Christopher Columbus and the Microwave

Nicolette Wallmann

A theme year like the Year of Creativity and Innovation not only has a motivating effect, it also engenders criticism, triggers controversial discussions and raises a lot of questions.

Critical voices make disparaging remarks about an advertising stunt, advocates talk about opportunities for creating awareness and setting forces in motion that could initiate sustainable changes.
Having a time frame of one year in which to accord heightened attention to the concepts of creativity and innovation leaves all these possibilities open. The goal, however, is to use the year for reflection on and serious examination and discussion of available resources and potentials as well as necessary requirements and structural limitations. We have to avoid the trap of simply placing the protagonists in the spotlight for a short period of time and leaving them stranded in centre stage with the prospect of having to make their exit by 2010 at the latest. “How do we get new things into the system?” is a key question in this connection, and this question is being discussed at various levels of the education system. Can processes of change be systematised? What framework conditions need to be created? Is creativity a basic prerequisite? Are there definable factors and criteria for innovations?
Christopher Columbus discovered America while attempting to reach India by crossing the Atlantic instead of taking the usual overland route or sailing around the southern tip of Africa.

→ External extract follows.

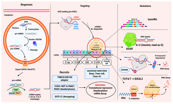 In cancer, miRNAs can act as oncogenes (oncomiRs) or tumor suppressors, depending on their target genes. For instance, miR-21 is frequently upregulated in various cancers and promotes tumor progression by targeting tumor suppressor genes, whereas miR-34a, a tumor suppressor, is often downregulated. This dual role makes miRNAs attractive candidates for both biomarkers and therapeutic targets.

The carpenter’s son Max Himmelheber observed how his father’s wood waste landed in the refuse. During the economic crisis of the 1930s, he mixed the shavings with wood glue – and invented pressboard, without which there would probably never have been a certain major Swedish furniture manufacturer. Sir Alexander Fleming did not toss away his bacteria culture and so discovered the antibiotic penicillin. Percy Spencer invented the microwave after a chocolate bar melted in his pocket while he was standing in front of some radar equipment.

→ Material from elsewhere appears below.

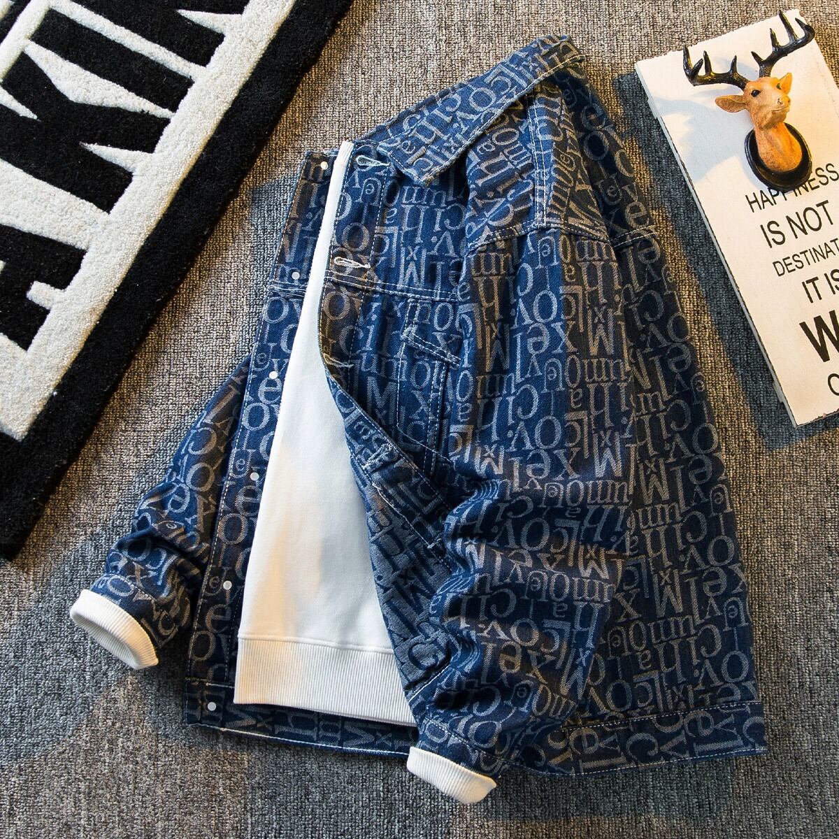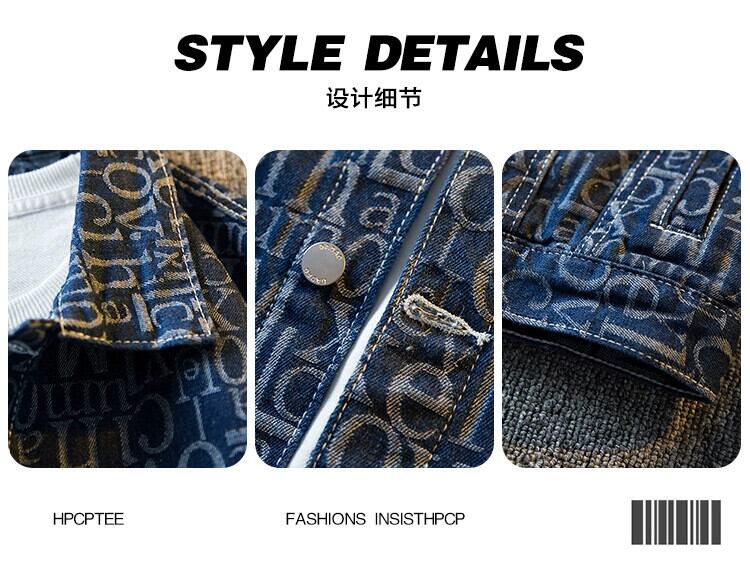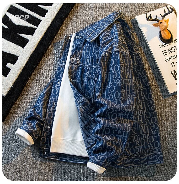 Hengpai トレンディなアメリカンレトロレタープリントデニムジャケットメンズ春の新作メンズカジュアルデニムジャケット スプリング 春物 3381995562397066

Crises, necessities, coincidences, or the courage to tread new paths: often, the beginning of a process of change is unplanned and appears to be unexpected. But a certain amount of effort is still indispensable, for, as the French chemist Louis Pasteur once said: “Chance favours only the prepared mind.” When the right moment arrives, an attentive eye and an unconventional way of thinking are of the essence. Making pressboard out of waste, going by sea instead of by land, keeping one’s cool when a chocolate bar melts and saving the world with a fungus – let’s keep these examples before us as we try to prepare our minds for the right moment in the Year of Creativity and Innovation.